‘Mixing Memory and Desire’
The Pie Factory, Margate
April 6th to 11th 2018
Making work in response to T.S. Eliot’s poem, The Waste Land (1922), so full of imagery and ideas, was a stimulating prospect. I found that my approach altered, to allow myself to be influenced by the poem, rather than to focus on particular aspects of it. Eventually I decided to use collage, or a mixture of collage and drawing, to reflect on the its fragmentary style of The Waste Land.
T.S. Eliot, writing about Stravinsky’s Rite of Spring (1913) in a letter from 1921 states that “In art there should be interpenetration and metamorphosis,” he is referring to the effect of interweaving elements from the past and the present within the ballet. Collage seemed to be the best way for me to achieve this requirement.
Eliot borrowed lines from many others including Shakespeare, Dante and the Buddha’s Fire Sermon, so I have also borrowed widely, and more humbly perhaps, from sources as diverse as the Oxford Historian Magazine and a Fired Earth catalogue.

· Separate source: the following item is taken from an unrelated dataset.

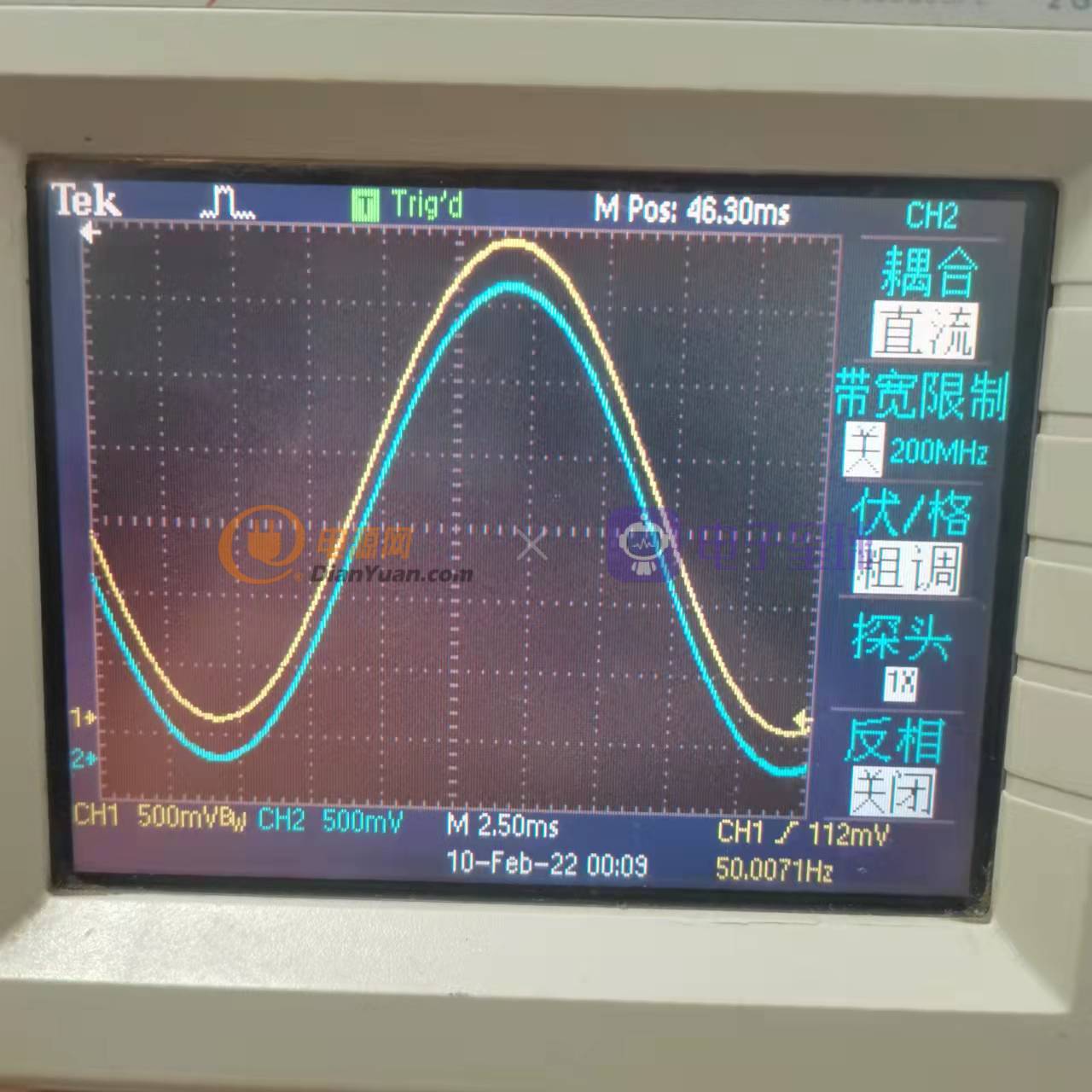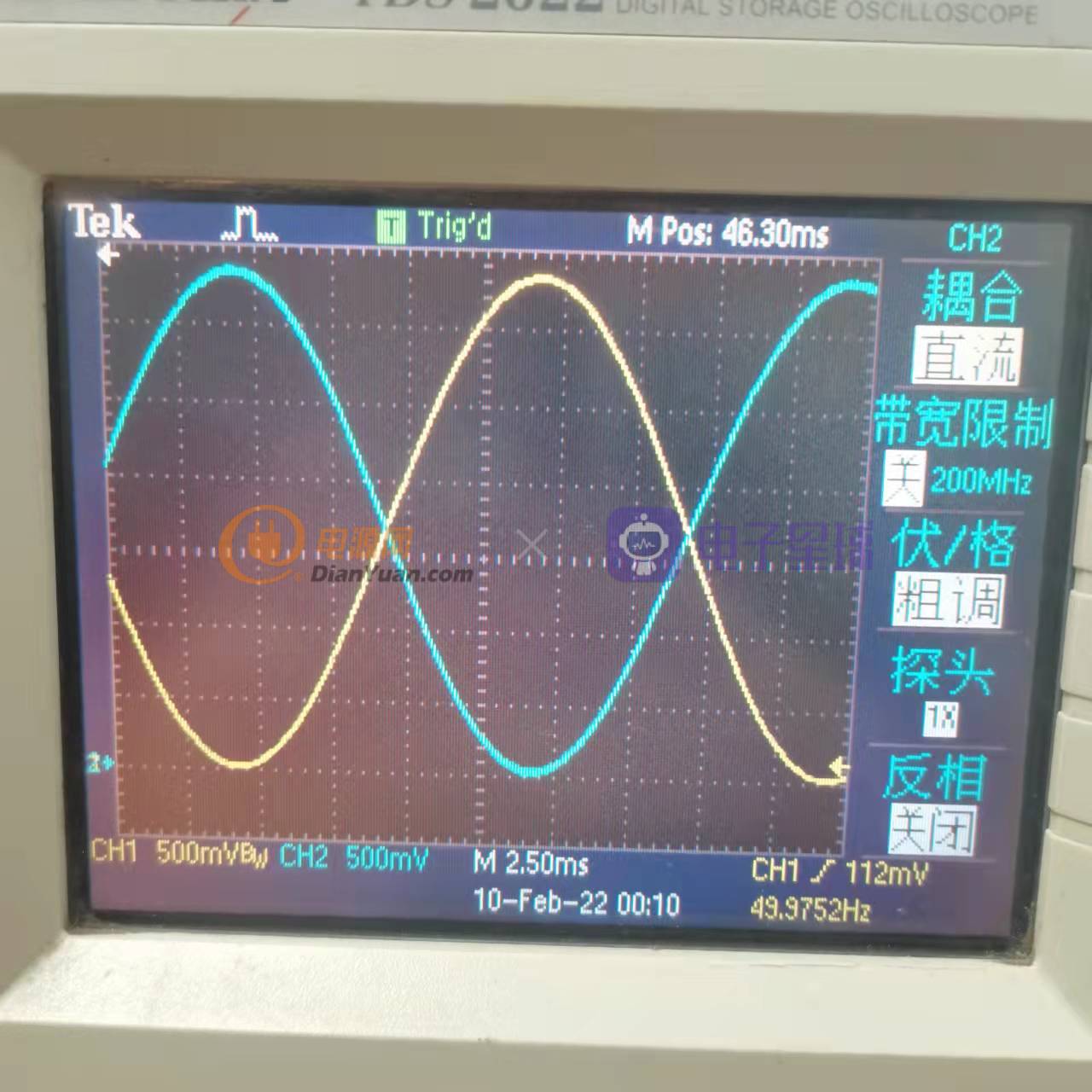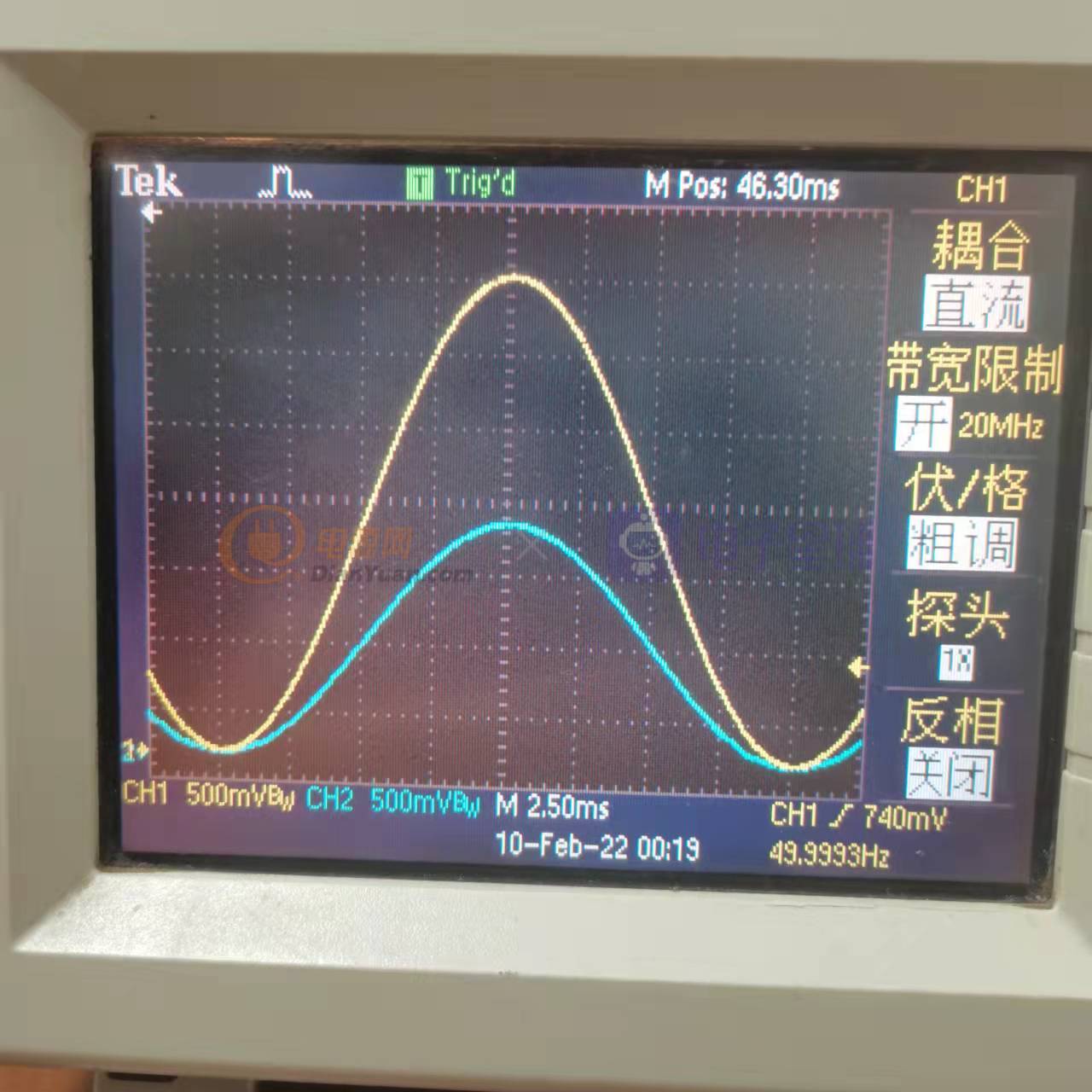 双通道50HZ、电压100%幅值、电流1%、0°相位:

In his notes on The Waste Land Eliot mentions that it is Tiresias, (the blind prophet of Apollo who spent 7 years as a woman) who binds the sections of the poem together; though blind, Tiresias ‘sees’ the future. In my images I hope to combine some seemingly incompatible images into a compatible whole, messages from the past influencing visions of the present and possibly the future. Tiresias appears in different guises in several of my pieces.